En este contexto, resulta evidente la necesidad y conveniencia de configurar un espacio común que actualice el Estado social y democrático de derecho a lo que hoy se precisa, y que no es el mismo de hace 40 años. Las divisiones históricas existen, pero ahora ya no están tan ligadas a las ideas como a las ansias de protagonismo y reconocimiento de unos dirigentes que se pelean a codazos para salir en la foto o hacerse con el control del partido. Es decir, se aprecia un evidente anquilosamiento del pensamiento político de izquierdas, incompatible con la urgencia de las nuevas necesidades de la ciudadanía y del planeta, que evolucionan a un ritmo mucho más ágil que los discursos en el seno de las estructuras políticas partidarias. Vivimos, sin embargo, tiempos de excepción y las situaciones extremas, como es el caso de la pandemia que ha asolado el mundo, traen también visiones diferentes. Hay un caso político ejemplar como es Portugal, país donde el conservador Partido Socialdemócrata (psd), la primera fuerza política de la oposición, remitió una carta a sus militantes en la que expresaba que atacar al Gobierno socialista de António Costa en tiempos de dificultad por la covid-19 no sería patriótico, posicionándose públicamente en apoyo a las acciones del Gobierno contra la enfermedad. En España la unión de la coalición progresista que compone el Ejecutivo ha actuado en común, pese a sus diferencias y a los intentos descarados de la derecha por sembrar discordia entre las dos formaciones que integran el Gobierno. La gran diferencia está en la derecha española, a años luz de la de Portugal, pues aquí se ha preocupado de agredir, insultar y difamar de continuo al Gobierno español sumido en una dura situación de muerte y carencias, sin tiempo ni energías que desperdiciar en rebatir tanta insensatez de quienes aprovechan la desgracia ajena para sacar rédito político.

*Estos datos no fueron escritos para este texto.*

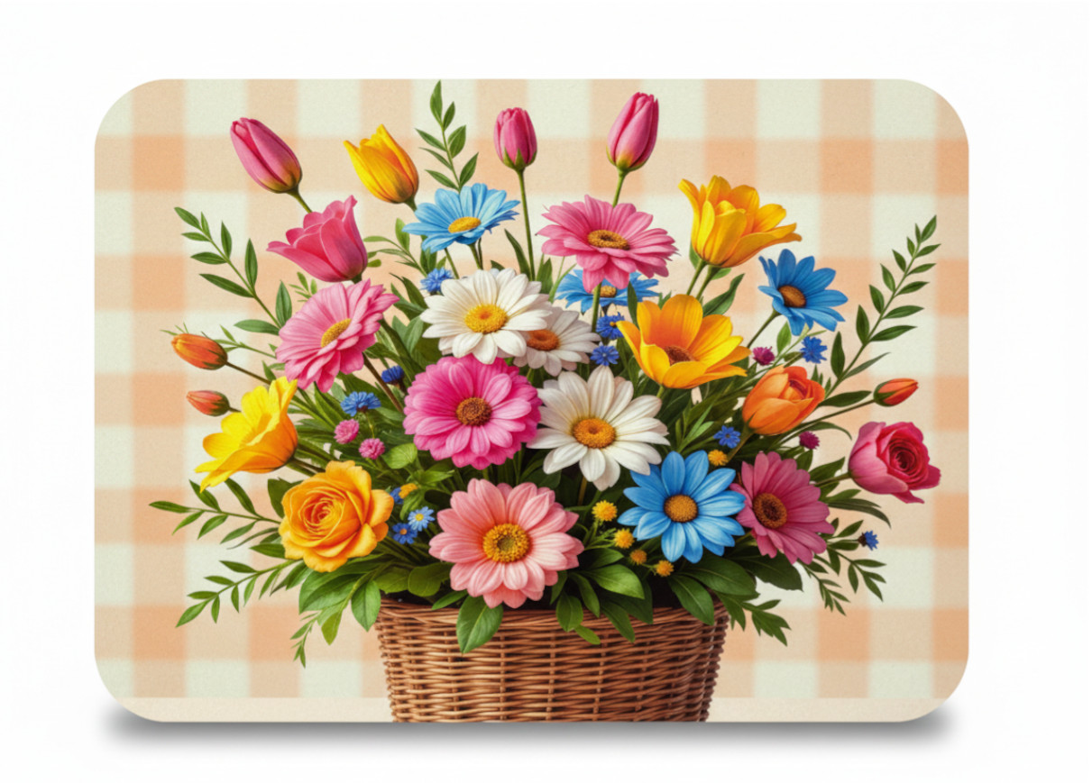 Mata stołowa 40x30 cm BUKIET TULIPAN, GERBERA W KOSZU NA ŁOSOSIOWYM TLE W KRATĘ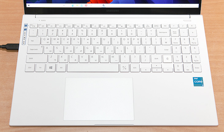 노트북 화면의 베젤은 무척 얇은 편 입니다. 그렇다고 베젤이 완전 사라진정도까진 아니지만 많이 얇아졌죠. 다만 이부분은 다른 노트북들도 많이 얇아져서 크게 장점은 아닐지도 모르겠습니다. 다만 삼성의 대표되는 노트북인만큼 가장 많이 보는 부분인 화면은 넓고 시원해보입니다. 바디 사이즈 대비 화면의 비율이 크면 화면이 더 크게 느껴지는데요.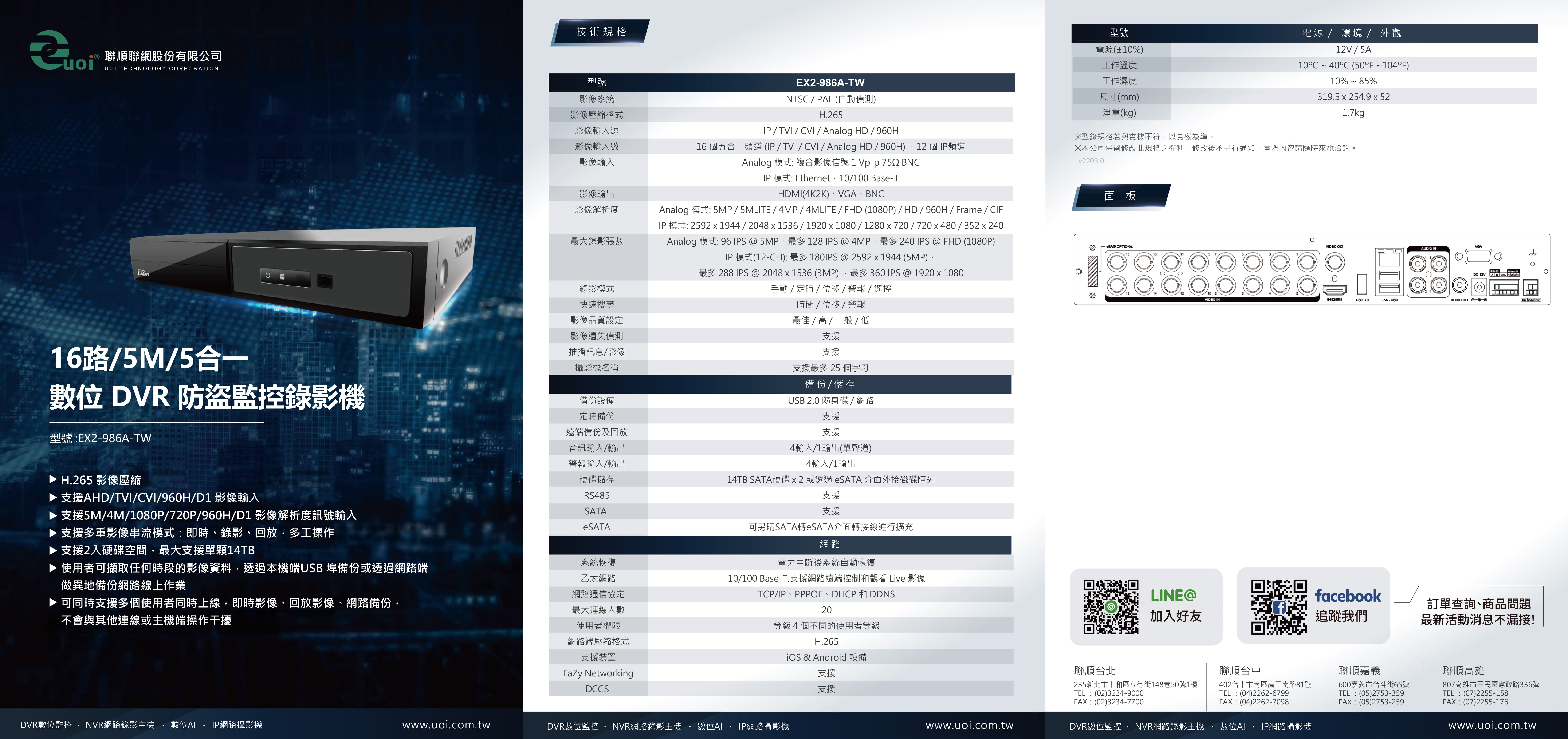 EX2-986A-TW16CH/5M/5合一數位 DVR 防盜監控錄影機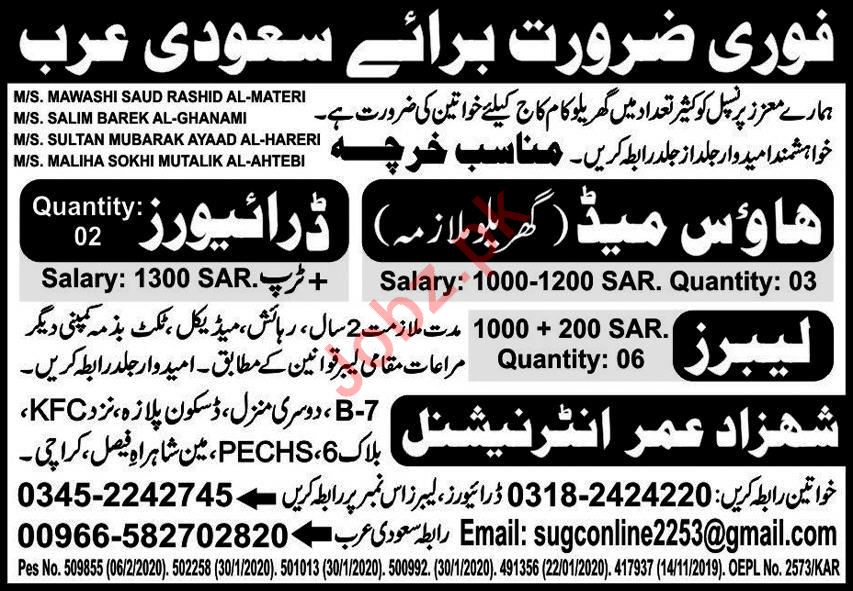 Latest Shahzad Umer International House Staff Posts Saudi Arabia 2025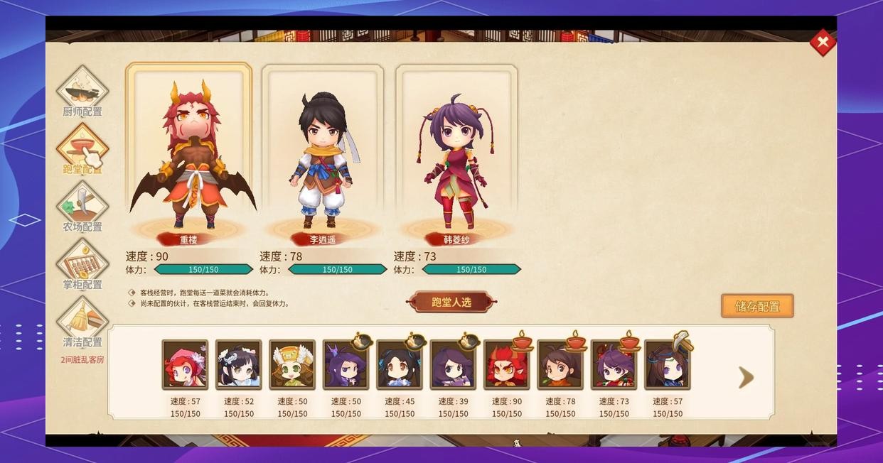 2、通过训练、战斗、探索提升角色属性,如跑堂可提升速度,厨师可解锁高级菜谱。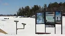 The park is snow-covered from late November until early April. An ice road on Rainy Lake is plowed and marked from the visitor center's boat ramp, heading toward Cranberry Bay or around Dryweed Island, depending on ice conditions. Available activities include lake driving, snowmobiling, cross-country skiing, winter camping, ice fishing and snowshoe hiking. Snowmobiling is limited to the frozen lake surfaces and the Chain of Lakes Scenic Trail through the center of the Kabetogama Peninsula. Trail maps can be obtained from the visitor centers.[9]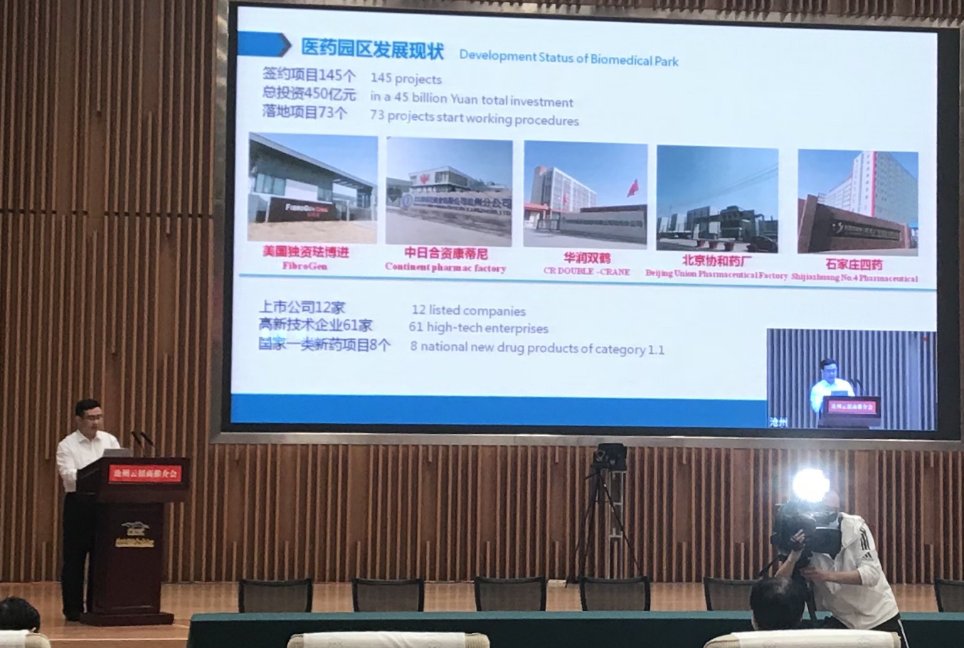 滄州臨港經濟技術開發區管委會副主任李國慶推介渤海新區生物醫藥產業園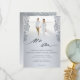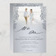 Cette élégante invitation de mariage allie un design photo contemporain avec des accents damassés argentés raffinés. Les coins supérieurs présentent des fioritures argentées complexes qui encadrent le design avec une sophistication intemporelle, tandis que la photo centrale ajoute une touche personnelle et moderne. Les détails des mariages sont affichés dans une police de caractères propre et formelle, ce qui rend la carte à la fois élégante et fonctionnelle. Un choix parfait pour les couples à la recherche d'un équilibre entre personnalisation moderne et élégance argent classique.
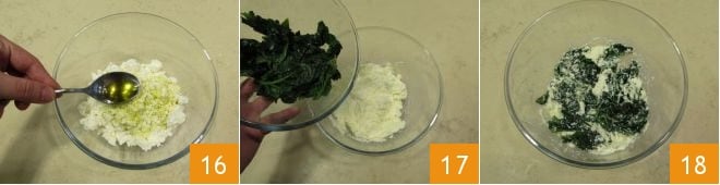 Meanwhile, place the ricotta in a container, add 1.5 tbsps of extra virgin olive oil 16, and adjust the seasoning with salt and pepper, then quickly work with a fork to combine everything. Add the drained, squeezed, and cooled spinach (without the garlic) 17, also add the grated cheese 18, and mix everything together.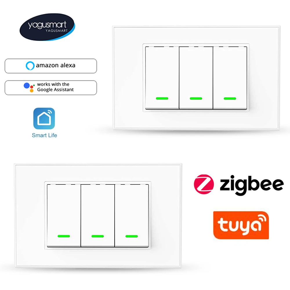 Умный кнопочный переключатель Yagusmart Tuya Zigbee, переключатель с нейтральными клавишами, управление через приложение Alexa Google Home Zigbee2MQTT

Hemos visto cómo en nuestro país, en tiempos difíciles, es cada vez mayor la separación entre las necesidades reales y la forma de subvenirlas desde la política tradicional, lo que se acaba traduciendo en una especie de hastío y desconfianza de la población. Queda así libre un espacio para que otros, y no del mismo segmento ideológico, sino precisamente del contrario, lo ocupen de forma inmediata. Me refiero a la ultraderecha y al “neo” fascismo que aprovechan esas contradicciones mediante un discurso emocional, efectista y facilón que, por ello, captura la frustración y el descontento de amplios sectores sociales, ofreciendo supuestas “soluciones” igualmente fáciles e inmediatas, que son asumidas automáticamente y sin cuestionamiento alguno. Se proclama la necesidad de hacer cosas, pero se omite la construcción de las políticas precisas para conseguirlo. Se habla de las necesidades, que por otra parte son obvias, y se proclama la urgencia de satisfacerlas, pero ahí se agota la acción.
Promesas imposibles de cumplir, sin que luego exista una explicación o justificación suficientes; fracasos premeditados, puesto que eran perfectamente previsibles y evitables si se hubiera puesto el foco de atención en el pueblo y no en el aparato y el reparto de poder. Finalmente harán girar la rueda a favor de posturas más proteccionistas y más tradicionales propias de la extrema derecha, que disputa los espacios de poder de la derecha más rancia y casposa, donde siempre van a recoger buena cosecha, pero que, además, obtiene nuevos frutos en los sectores populares, que han sido defraudados una y otra vez por las fuerzas políticas tradicionales. Y ello se debe a que la siembra que realizan se apoya en el poderoso abono de las emociones y por ende germina mucho antes que el cultivo libre de tóxicos que se nutre del riego cuidado de las ideas y los argumentos.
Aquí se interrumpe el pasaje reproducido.